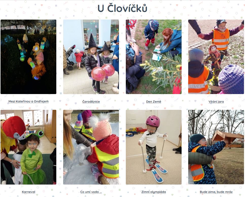 Pěkně spolu, ať jsou to závody odrážedel, vycházka za zvířátky nebo třeba výroba sněhových koulí. Naše tety se mohou spolehnout, že nikdo z nás nezůstane stranou a každý den je překvapíme něčím novým! A s těmi malými, s těmi tetám pomáháme. Však si ještě pamatujeme, jak starší kamarádi pomáhali nám. Vůbec nevadí, když má někdo plenky, když se neumí sám najíst nebo zavázat si tkaničky, všechno se to mezi námi naučí.
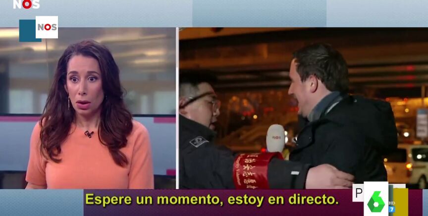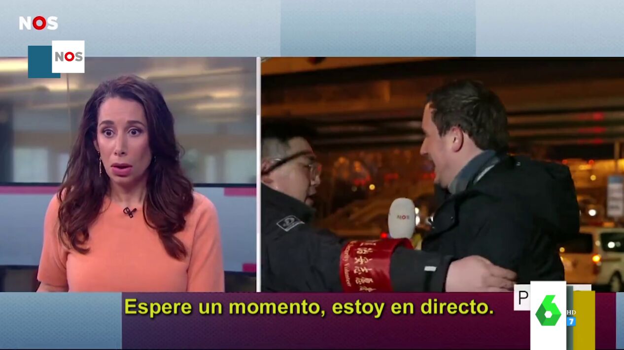 Lorena Castell enseña el complicado momento que sufrió un reportero en mitad de una conexión. La cadena holandesa 'Nos' contacta con el corresponsal en directo, cuando éste es interrumpido por la Policía. El corresponsal se encuentra en China y un agente de Policía le empieza a echar del sitio donde se encuentra, diciéndole que ahí no se puede grabar y que se tiene que mover.
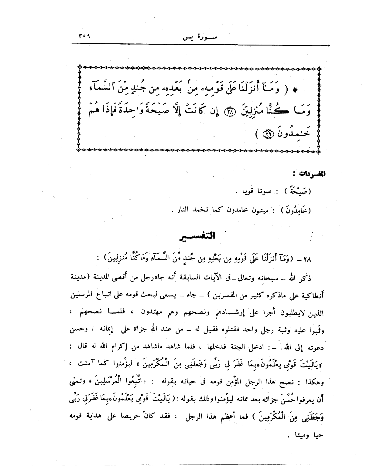 * {وَمَا أَنْزَلْنَا عَلَى قَوْمِهِ مِنْ بَعْدِهِ مِنْ جُنْدٍ مِنَ السَّمَاءِ وَمَا كُنَّا مُنْزِلِينَ (28) إِنْ كَانَتْ إِلَّا صَيْحَةً وَاحِدَةً فَإِذَا هُمْ خَامِدُونَ (29)}
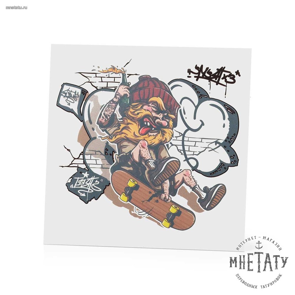 Татуировка опять на юморе — все тот же скейтбордист «за рулем» скейта и с бутылкой явно не газировки. Хотя, в таком отчаянном и местами головокружительном виде спорта чего только не увидишь.
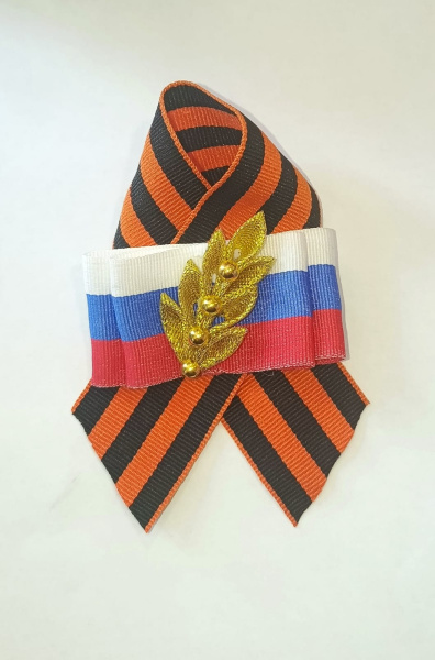 —Значок Брошь-3D 'Колосок золотой с бусинками' с георгиевской лентой, 2973
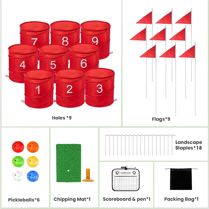 - Outdoor Fun Complete Set: Includes 9 buckets, 9 flags, 1 hitting mat, 6 balls, 18 ground stakes, a dry-erase scorecard, and a convenient carrying and storage bag - everything you need for a full game. Enjoy the fun anytime, anywhere with this bucket golf set

◆ ◆ ◆ ◆

GOAL OF THE EXERCISE >> Extract the full listing exactly, with the pictures left out.

ANSWER SECTION >>
 Pěkně spolu, ať jsou to závody odrážedel, vycházka za zvířátky nebo třeba výroba sněhových koulí. Naše tety se mohou spolehnout, že nikdo z nás nezůstane stranou a každý den je překvapíme něčím novým! A s těmi malými, s těmi tetám pomáháme. Však si ještě pamatujeme, jak starší kamarádi pomáhali nám. Vůbec nevadí, když má někdo plenky, když se neumí sám najíst nebo zavázat si tkaničky, všechno se to mezi námi naučí.
 Lorena Castell enseña el complicado momento que sufrió un reportero en mitad de una conexión. La cadena holandesa 'Nos' contacta con el corresponsal en directo, cuando éste es interrumpido por la Policía. El corresponsal se encuentra en China y un agente de Policía le empieza a echar del sitio donde se encuentra, diciéndole que ahí no se puede grabar y que se tiene que mover.
 * {وَمَا أَنْزَلْنَا عَلَى قَوْمِهِ مِنْ بَعْدِهِ مِنْ جُنْدٍ مِنَ السَّمَاءِ وَمَا كُنَّا مُنْزِلِينَ (28) إِنْ كَانَتْ إِلَّا صَيْحَةً وَاحِدَةً فَإِذَا هُمْ خَامِدُونَ (29)}
 Татуировка опять на юморе — все тот же скейтбордист «за рулем» скейта и с бутылкой явно не газировки. Хотя, в таком отчаянном и местами головокружительном виде спорта чего только не увидишь.
 —Значок Брошь-3D 'Колосок золотой с бусинками' с георгиевской лентой, 2973
 - Outdoor Fun Complete Set: Includes 9 buckets, 9 flags, 1 hitting mat, 6 balls, 18 ground stakes, a dry-erase scorecard, and a convenient carrying and storage bag - everything you need for a full game. Enjoy the fun anytime, anywhere with this bucket golf set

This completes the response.